WHAT NEEDS TO BE DONE: Word for word, copy the entire listing below, but do not carry over any pictures.

DATA PROVIDED:
☆ ☆ ☆

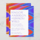 Convite de Casamento Retro Único com Linhas Curvas Coloridas em Azul Brilhante e Vermelho Laranja Econômico
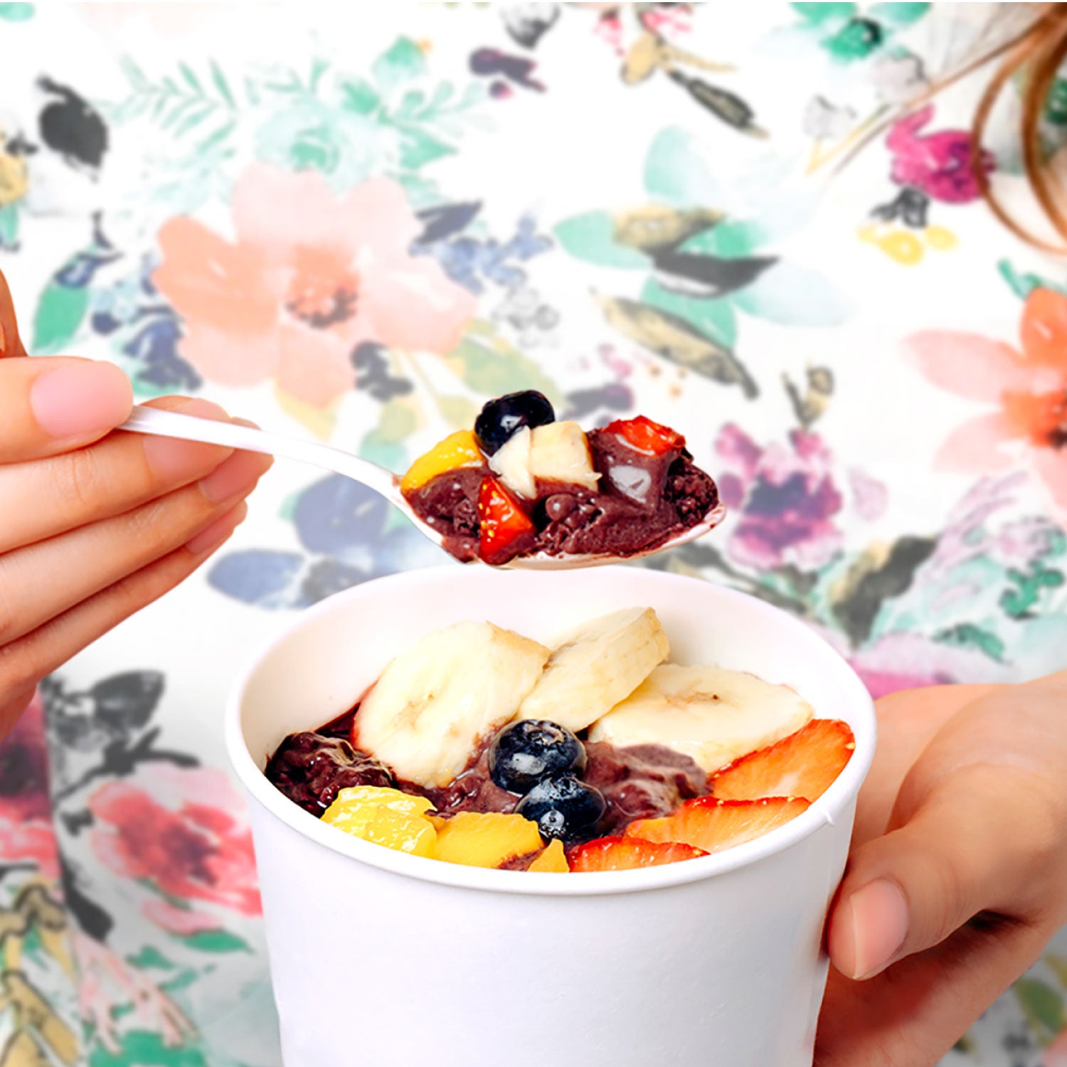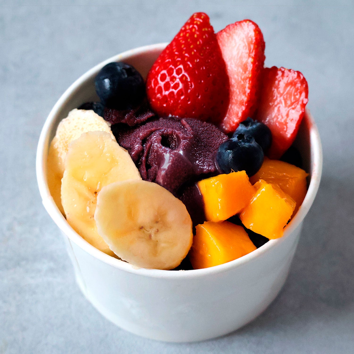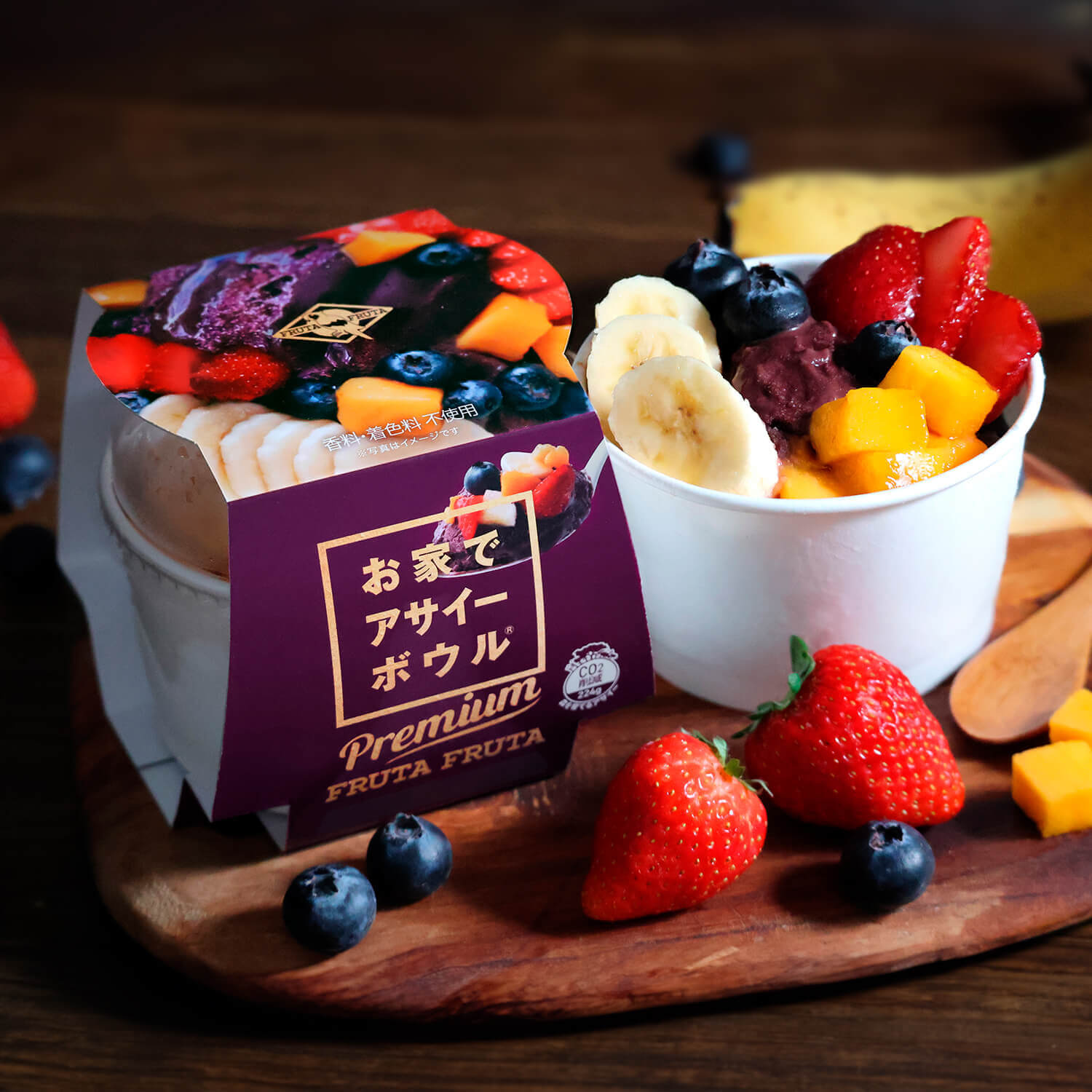 冷凍庫から出してすぐに食べられるカップ入り濃厚アサイーボウルミキサーも盛り付けも不要!カフェやレストランで人気のアサイーボウルを冷凍庫から出してすぐにお召し上がりいただける、カップ入りアサイーボウル。シンプルかつ味わい深いアサイーのアイスをベースに、厳選された王道のフルーツをトッピングしました。固く感じられる場合は冷蔵庫で5~10分を目安に解凍してお召し上がりください。
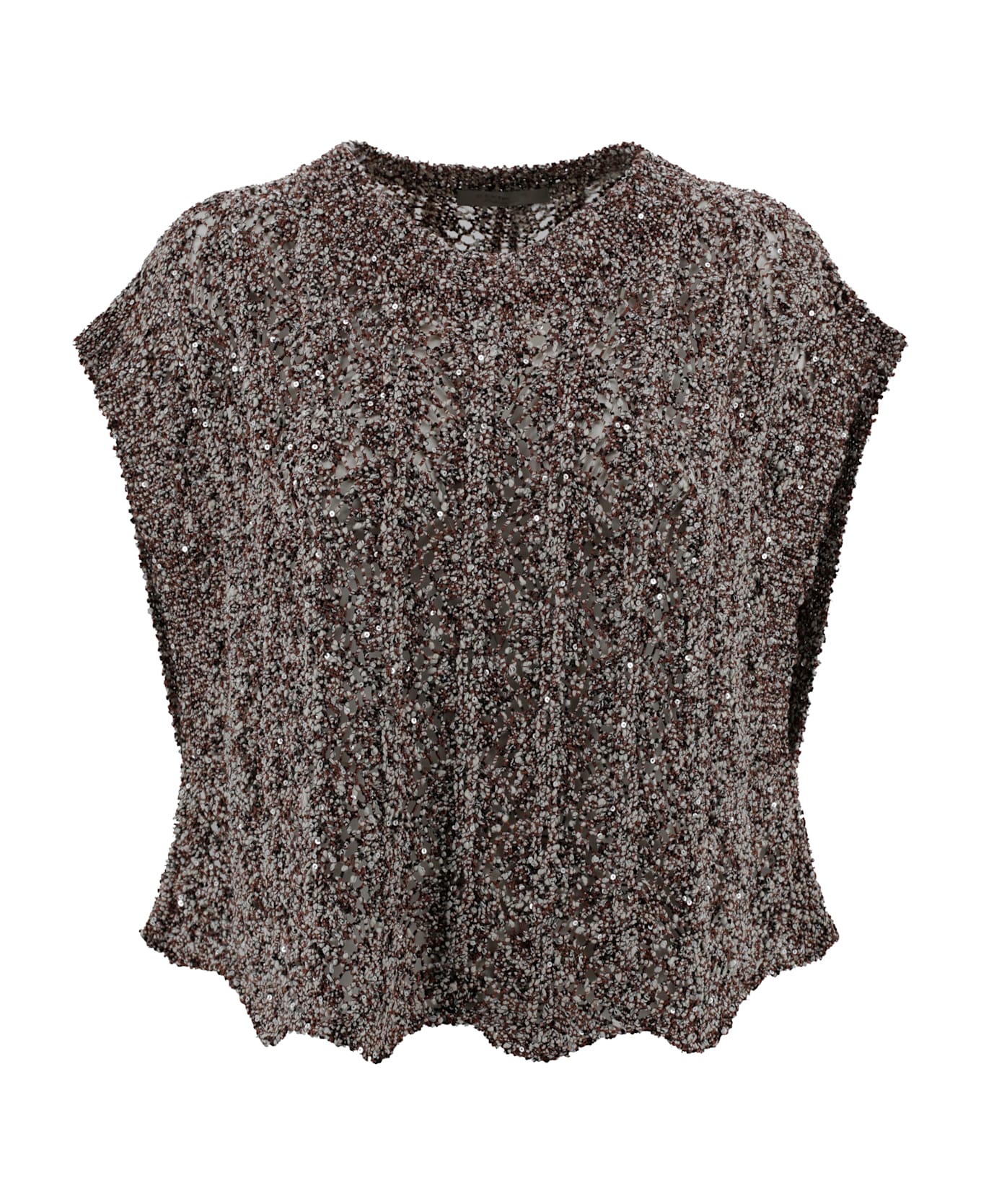 Paillette knit pullover with a crew neck, the model features a slightly raised ribbed crew neck, with a slightly dropped shoulder for a soft and modern effect, a wavy lower hem that adds movement and disrupts the linearity of the garment. Vertical ribbing throughout the length of the garment.

☆ ☆ ☆

SOLUTION TO THIS PROBLEM:
 Convite de Casamento Retro Único com Linhas Curvas Coloridas em Azul Brilhante e Vermelho Laranja Econômico
 冷凍庫から出してすぐに食べられるカップ入り濃厚アサイーボウルミキサーも盛り付けも不要!カフェやレストランで人気のアサイーボウルを冷凍庫から出してすぐにお召し上がりいただける、カップ入りアサイーボウル。シンプルかつ味わい深いアサイーのアイスをベースに、厳選された王道のフルーツをトッピングしました。固く感じられる場合は冷蔵庫で5~10分を目安に解凍してお召し上がりください。
 Paillette knit pullover with a crew neck, the model features a slightly raised ribbed crew neck, with a slightly dropped shoulder for a soft and modern effect, a wavy lower hem that adds movement and disrupts the linearity of the garment. Vertical ribbing throughout the length of the garment.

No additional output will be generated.